Quebec wines, winners of the conflict at the SAQ

The labor dispute at the Société des alcools du Québec (SAQ) seems to serve the cause of Quebec wines. Faced with the bald shelves of the Crown corporation, consumers are turning overwhelmingly to the many specialty stores that exclusively sell homegrown alcohol.

At the end of the year, the owner of the Les Bacchantes vineyard sold his stock faster than ever. “We have decided to release our sparkling wine now, but apart from that, we have nothing left,” says Sébastien Daoust with joy.

Like most of the 150 winegrowers in Quebec, he sells his bottles outside the SAQ network. Several thousand grocery stores, boutiques and restaurants have the necessary permits to sell bottles of wine, beer and cider purchased directly from producers, as long as the latter are from Quebec.

Mr. Daoust notes that since the start of the pandemic, with the craze for local purchasing, more and more businesses are ordering crates from him. “People have discovered that their small neighborhood grocery store has wines from Quebec. And the strike at the SAQ accelerates the process, ”says the winegrower.

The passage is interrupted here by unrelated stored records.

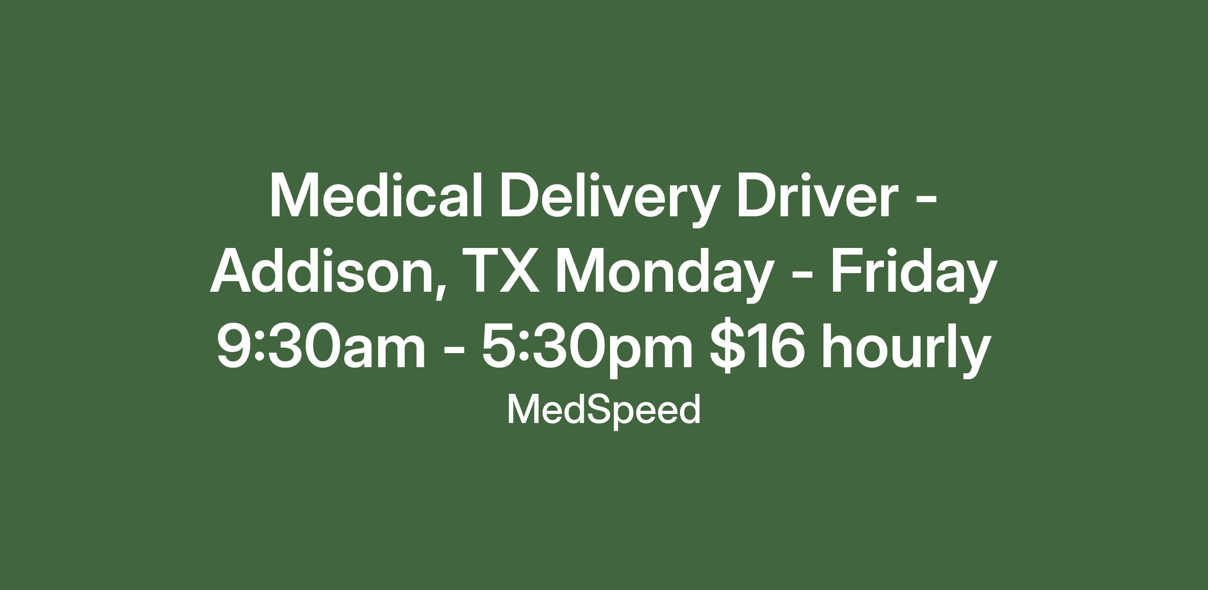 Please beware of fake job offers. MedSpeed only contacts candidates through official channels and never requests personal information outside of our secure application process. All position openings are at www.medspeed.com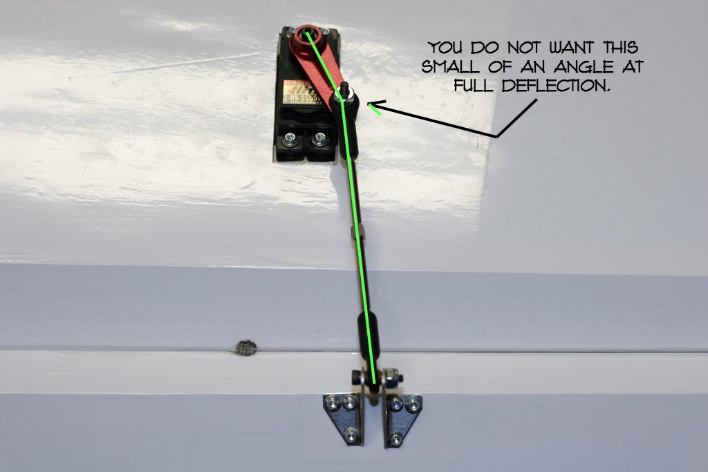 Back to geometry consideration #1. If you don’t have a decent angle at full deflection you will be prying on the servo output gear (case failure, gear failure, plane failure, etc.):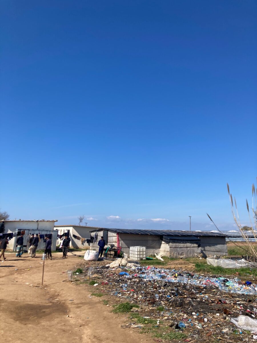 Οι συνθήκες διαβίωσης δεν παρουσιάζουν καμία βελτίωση. Στον καταυλισμό, τον οποίο επισκεπτόμαστε σταθερά, παραμένουν οι αυτοσχέδιες παράγκες από καλάμια, σίδερα και νάιλον θερμοκηπίου. Λόγω των χειμερινών καιρικών συνθηκών και των βροχοπτώσεων, οι εργάτες γης περνούν μέσα από τις λάσπες για να διασχίσουν τον καταυλισμό και να φτάσουν στα καταλύματά τους. Επίσης, εξαιτίας της έλλειψης ύδρευσης και ηλεκτρισμού, πλένονται με κρύο νερό, αφού επιστρέψουν από τα χωράφια παρά τις χαμηλές θερμοκρασίες.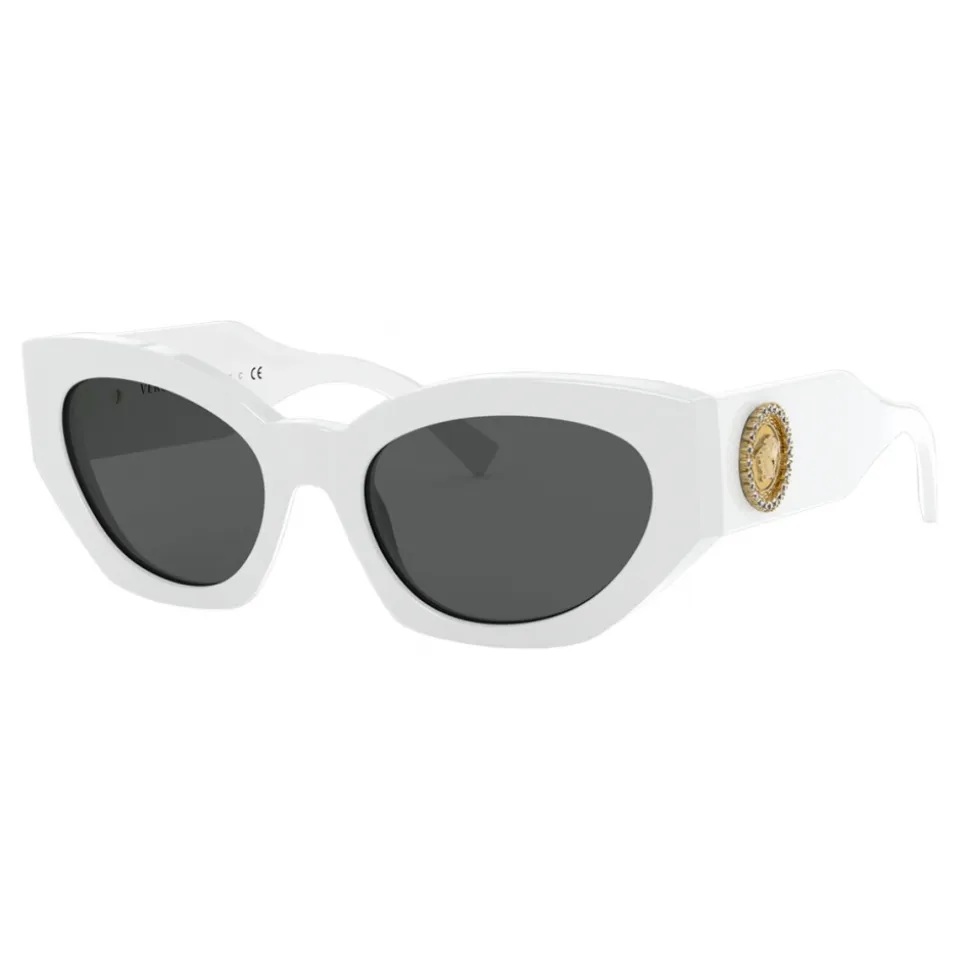 White sunglasses boasting a modern, thick acetate frame in an irregular shape. The temples are enriched with a Medusa encircled by crystals.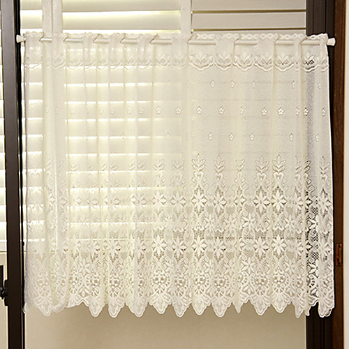 | 店長より | これぞカフェカーテン、といった雰囲気の、エレガントな織り柄のカフェカーテンです。 厚みのあるレース生地になっています。トイレ 収納 目隠し 棚 | ||

“Since the conflict, when restaurants began to see a serious supply problem, many have turned to Quebec wines. I have 120 cases which suddenly went to restaurants, ”adds the one who is also treasurer of the Conseil des vins du Québec.

Nicolas Pomerleau, co-owner of the Coteau St-Paul vineyard, makes the same observation. He is receiving more orders than ever from small businesses across the province.

“The strike led customers who were not loyal to Quebec wine to fall for it. “

Long-lasting desired effects

The owners of the Cinqàsept boutique in Montreal say their traffic has dramatically increased in recent weeks. Lambert St-Cyr and Simon Boutet hope to have gained followers in the long term.

“People are discovering the quality of Quebec wines, their diversity. There are good products at affordable costs, ”praises Mr. Boutet.

Mr. St-Cyr believes that the stigmatization of Quebec wines is no longer valid today. “The winegrowers started to find techniques to deacidify the wines. […] There is a sometimes fruity and silky side to the grape varieties here. We see a growing demand for the future, when people go to see what it tastes like. “

According to Sébastien Daoust, legislative changes could still be made to make life easier for winegrowers like him. He would like the law to no longer require them to deliver their bottles to traders themselves.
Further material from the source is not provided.